Biology dergisinde yayımlanan araştırma, bu fosillerin antik tümörlerin yapısını incelemek için kullanılabileceğini ve kanserin evrimsel geçmişini anlamaya katkı sunarak yeni tedavilerin geliştirilmesine zemin hazırlayabileceğini ortaya koyuyor.
ARU’da onkolog olan Prof. Justin Stebbing’e göre bu fikir, 2016 yılında Romanya’da çene kemiğinde tümör bulunan yeni bir dinozor fosilinin keşfiyle doğdu.
Yaklaşık 66-70 milyon yıl önce Romanya’daki Hateg Havzası’nda yaşamış Telmatosaurus transsylvanicus adlı otçul türe ait kalıntılarda, insanlarda da görülebilen “ameloblastoma” adlı iyi huylu bir çene tümörü tespit edildi.
“Kanserin yapısını anlamak için milyonlarca yıl öncesine bakıyoruz”
Imperial College’dan Dr. Biancastella Cereser, “Bu tümörün insan kanserleriyle paralellik gösterip göstermediğini görmek istedik,” dedi. Ardından aralarında Sri Lanka’daki Kelaniya Üniversitesi’nden Prof. Pramodh Chandrasinghe’nin de yer aldığı bir ekip kuruldu.
Fosil Romanya’dan alındıktan sonra, çok ince bir matkapla delinerek gelişmiş bir elektron mikroskobuyla incelendi.
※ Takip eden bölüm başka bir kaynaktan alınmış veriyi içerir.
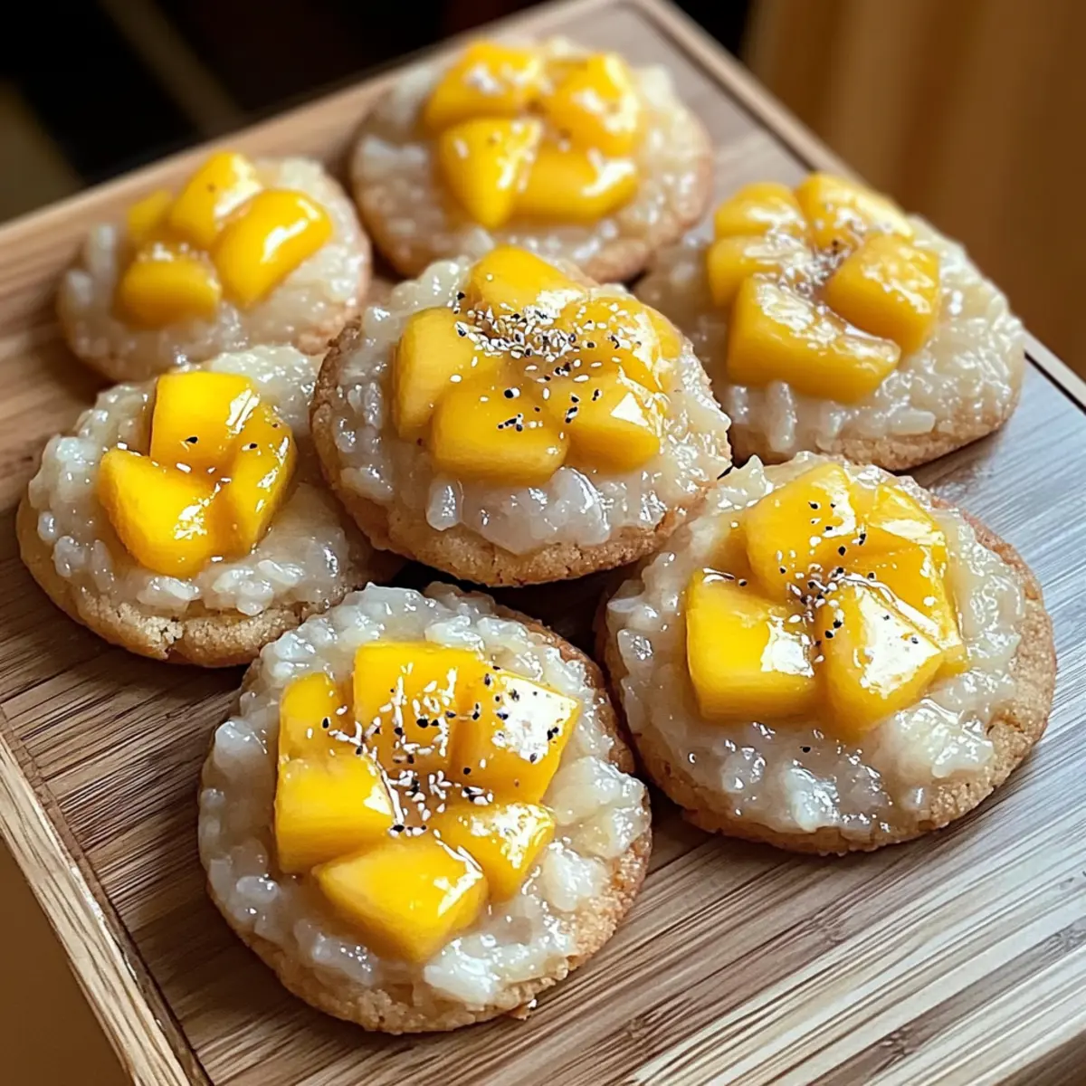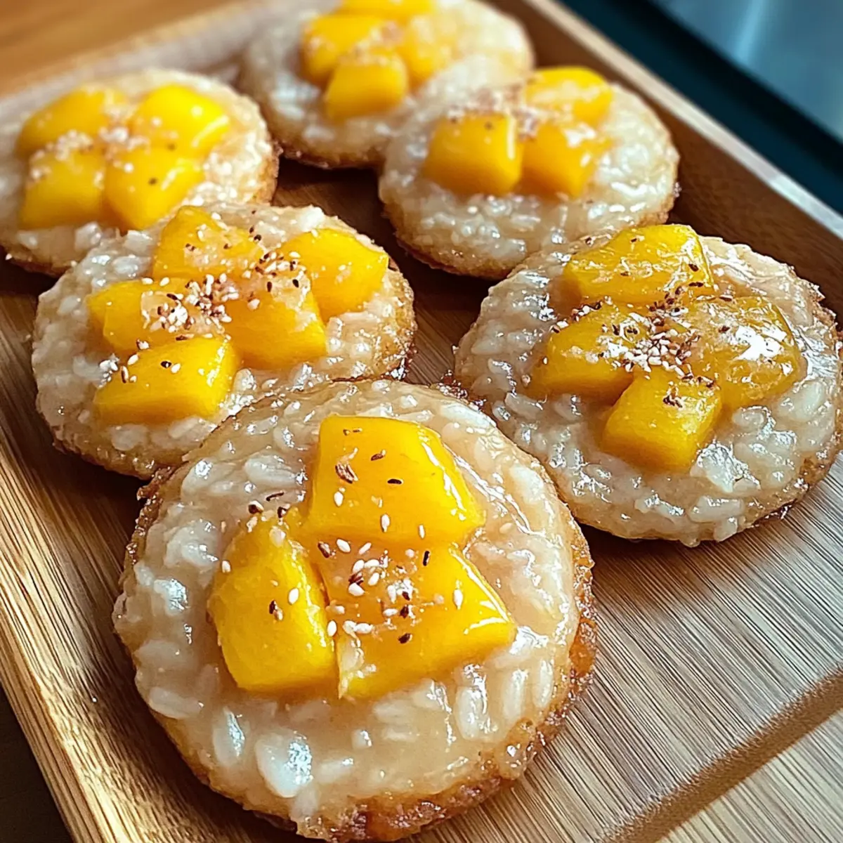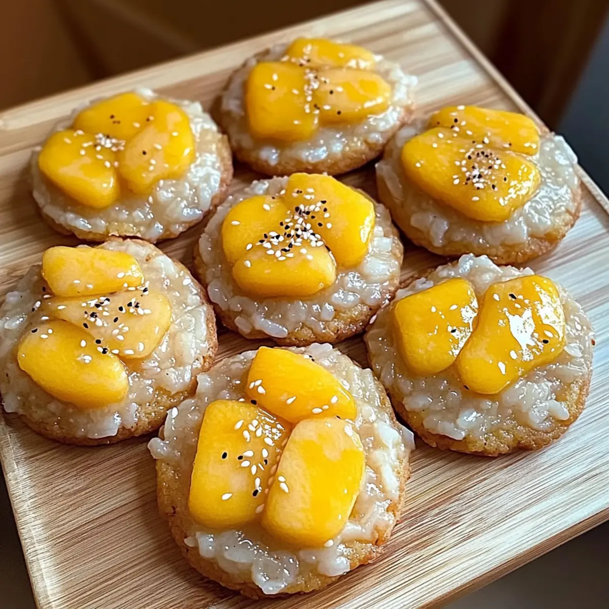Jump to Recipe Print RecipeAs I stood in my kitchen, the sweet aroma of ripe mangoes wafted through the air, instantly transporting me to a tropical paradise. That’s when the idea struck me: why not capture the essence of the beloved Thai dessert, mango sticky rice, in a cookie? Enter the Mango Sticky Rice Cookies—these irresistibly chewy tropical treats are not only a fun twist on a classic dessert but also offer delightful variations, including gluten-free and vegan options. With a warm coconut base and a burst of mango sweetness, they’re a guaranteed crowd-pleaser for any gathering. Plus, they’re easy to whip up and perfect for satisfying those dessert cravings without any fast-food temptation. Curious how a simple cookie can evoke such flavor-packed memories? Let’s dive into this mouthwatering recipe together! Why Are These Cookies So Irresistible? Tropical Bliss: The fusion of creamy coconut and sweet mango brings the beloved Thai dessert into cookie form, making every bite feel like a vacation. Versatile Variations: Whether you’re vegan, gluten-free, or just looking for something nut-free, this recipe offers alternatives to fit all dietary needs. Chewy Perfection: The unique addition of sticky rice contributes that signature chewy texture, setting these cookies apart from any ordinary treat. Quick Whip-Up: Enjoy the ease of creating these delightful cookies without sacrificing time—perfect for busy bakers craving homemade goodness. Crowd-Pleasing Delight: These tropical cookies are sure to impress at any gathering, making them the perfect dessert to share; pair with coconut ice cream for an extra treat! Mango Sticky Rice Cookies Ingredients For the Cookie Dough • Unsalted Butter – For richness and flavor; swap for vegan butter to make it dairy-free. • Brown Sugar – Adds moisture and depth of flavor; no substitute needed. • White Sugar – Brings sweetness and structure; can be replaced with coconut sugar for a natural alternative. • Egg – Provides necessary structure; use flaxseed meal or applesauce for a vegan alternative. • Vanilla Extract – Enhances the overall flavor; always go for pure for the best results. • Baking Soda – Acts as a leavening agent; check freshness to ensure proper rise. • Salt – Balances sweetness and is essential for flavor. • All-Purpose Flour – The base for structure; use a gluten-free blend if needed. For the Mango Jam • Mangoes – Fresh or frozen, these offer the signature flavor; choose ripe mangoes for the best taste. • Granulated Sugar – Helps thicken the mango jam; adjust amount based on mango sweetness. For the Sticky Rice • Sweet Rice – Provides the chewy texture; do not substitute for regular rice. • Coconut Milk – Delivers creaminess and tropical flavor; essential for this recipe. • Sweetened Condensed Milk – Adds a hint of sweetness and creaminess; omit for a dairy-free version. These Mango Sticky Rice Cookies promise a delightful fusion of flavors that will whisk you away to a tropical paradise! Step‑by‑Step Instructions for Mango Sticky Rice Cookies Step 1: Prepare the Dough In a large mixing bowl, cream together ½ cup of unsalted butter with ½ cup of brown sugar and ¼ cup of white sugar until the mixture is light and fluffy, about 3-5 minutes. Beat in one egg and 1 teaspoon of vanilla extract until well combined. In a separate bowl, whisk together 1 ½ cups of all-purpose flour, 1 teaspoon of baking soda, and a pinch of salt. Gradually blend the dry ingredients into the wet mixture, forming a soft dough; chill in the refrigerator for 30 minutes to firm up. Step 2: Make Mango Jam While the dough chills, prepare the mango jam by finely dicing 1 ripe mango and placing it in a saucepan over medium heat. Add 2 tablespoons of granulated sugar and simmer for 10-15 minutes, stirring occasionally until the mixture thickens and becomes jam-like. Remove from heat, let it cool completely, and set aside for layering in the cookies. Step 3: Prepare Sticky Rice Next, rinse 1 cup of sweet rice under cold water until the water runs clear, ensuring it’s free from excess starch. Soak the rice in water for at least 4 hours or overnight for best results. Once soaked, steam it in a bamboo steamer or fine mesh sieve lined with cheesecloth for 20-30 minutes until tender. Once done, mix the rice with ½ cup of coconut milk and ¼ cup of sweetened condensed milk for added creaminess, then allow it to cool and thicken. Step 4: Assemble Cookies Preheat your oven to 350°F (175°C). On a parchment-lined baking sheet, scoop out dough balls about 2 tablespoons in size, spacing them 2 inches apart. Using your thumb or the back of a spoon, create a hollow in the center of each dough ball. Place a teaspoon of cooled mango jam into the hollow, filling it generously, then top each with a spoonful of the prepared sticky rice, gently pressing down to adhere. Step 5: Bake Bake the assembled Mango Sticky Rice Cookies in your preheated oven for 12-15 minutes, watching closely. They should turn a lovely golden brown, with a slightly soft center indicating they’re perfectly baked. Avoid overbaking to keep that delightful chewy texture. Step 6: Cool and Serve Once baked, allow the cookies to cool on the sheet for 5 minutes. Afterward, sprinkle with flaky sea salt to enhance the flavors. Carefully transfer them to a wire rack to cool completely. These Mango Sticky Rice Cookies are now ready to bring a taste of tropical bliss to your dessert table! Make Ahead Options These Mango Sticky Rice Cookies are perfect for busy home cooks looking to save some time on dessert prep! You can prepare the cookie dough and mango jam up to 24 hours in advance. Simply follow the first two steps of the recipe, then wrap the chilled dough tightly in plastic wrap and place it in the refrigerator. The mango jam can be stored in an airtight container in the fridge for the same duration. For the sticky rice, soak it up to 8 hours ahead o

Fosilleşmiş kemiklerde, kırmızı kan hücrelerine (eritrosit) benzeyen düşük yoğunluklu yapılar tespit edildi.
Prof. Stebbing, bu bulgunun, sadece iskelet değil, aynı zamanda yumuşak dokuların da korunabileceğini ve böylece kanserli dokuların antik örneklerinin incelenebileceğini gösterdiğini belirtti:
“Artık kanseri sadece günümüzde insan ve hayvan modellerinde değil, milyonlarca yıl önce nasıl geliştiğini de inceleyebiliyoruz.”
“Jurassic Park’ta olduğu gibi DNA değil, protein kalıntıları bulunabiliyor”
Musk’ın filmindeki gibi dinozor DNA’sının korunarak yeniden canlandırılmasının mümkün olmadığını söyleyen bilim insanları, yine de fosillerde yumuşak dokuların içindeki protein kalıntılarının bozulmadan kalabildiğini belirtiyor.
Prof. Stebbing şunları ekledi:
“Tüm çabamız, kanserin moleküler yapı taşlarını anlamak. Bu yapbozun eksik parçalarını tamamladığımızda, daha etkili tedaviler geliştirebiliriz. Bu araştırma da o yapbozun bir parçası.”